- TASK PROMPT: Repeat each line of the material below exactly as it appears, minus any pictures.

----- RECORDED INFORMATION -----

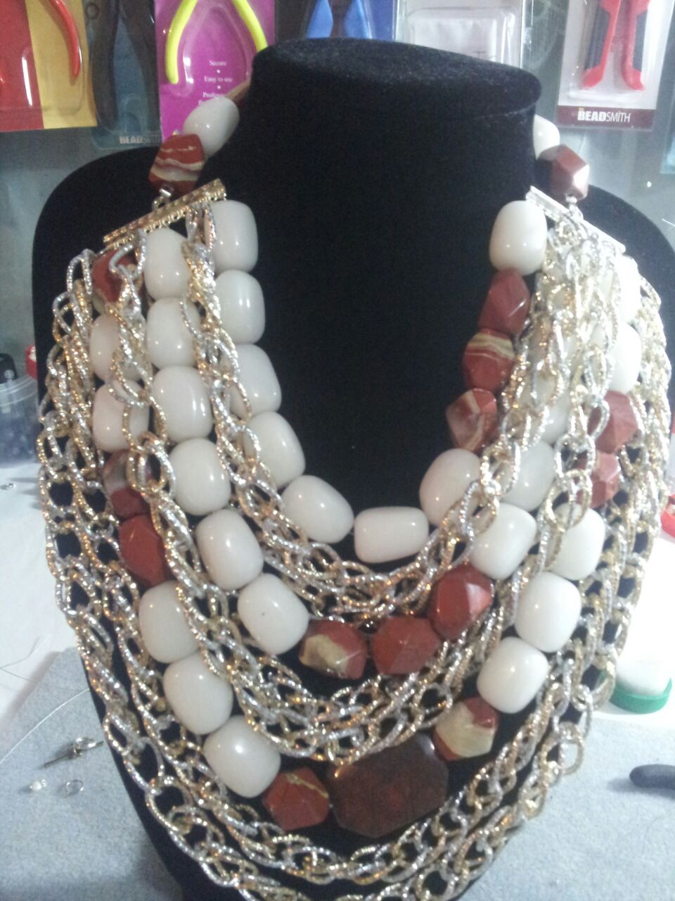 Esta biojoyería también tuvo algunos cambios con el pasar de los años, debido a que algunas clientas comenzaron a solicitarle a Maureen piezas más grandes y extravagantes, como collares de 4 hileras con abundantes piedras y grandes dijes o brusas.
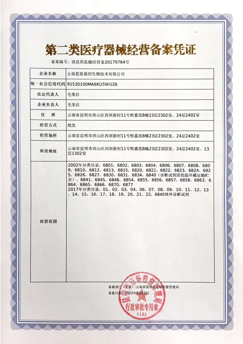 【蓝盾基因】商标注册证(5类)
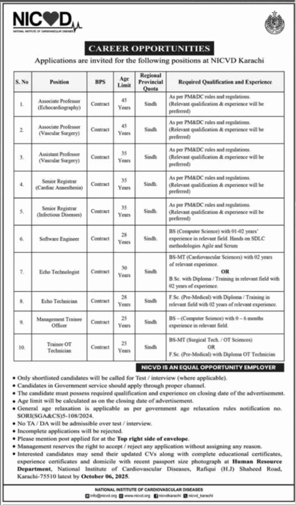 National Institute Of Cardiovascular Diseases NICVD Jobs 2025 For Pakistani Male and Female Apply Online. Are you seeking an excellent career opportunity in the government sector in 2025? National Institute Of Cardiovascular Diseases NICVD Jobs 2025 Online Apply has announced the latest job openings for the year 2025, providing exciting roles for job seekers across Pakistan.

-----

- SOLUTION TO THIS TASK:
 Esta biojoyería también tuvo algunos cambios con el pasar de los años, debido a que algunas clientas comenzaron a solicitarle a Maureen piezas más grandes y extravagantes, como collares de 4 hileras con abundantes piedras y grandes dijes o brusas.
 【蓝盾基因】商标注册证(5类)
 National Institute Of Cardiovascular Diseases NICVD Jobs 2025 For Pakistani Male and Female Apply Online. Are you seeking an excellent career opportunity in the government sector in 2025? National Institute Of Cardiovascular Diseases NICVD Jobs 2025 Online Apply has announced the latest job openings for the year 2025, providing exciting roles for job seekers across Pakistan.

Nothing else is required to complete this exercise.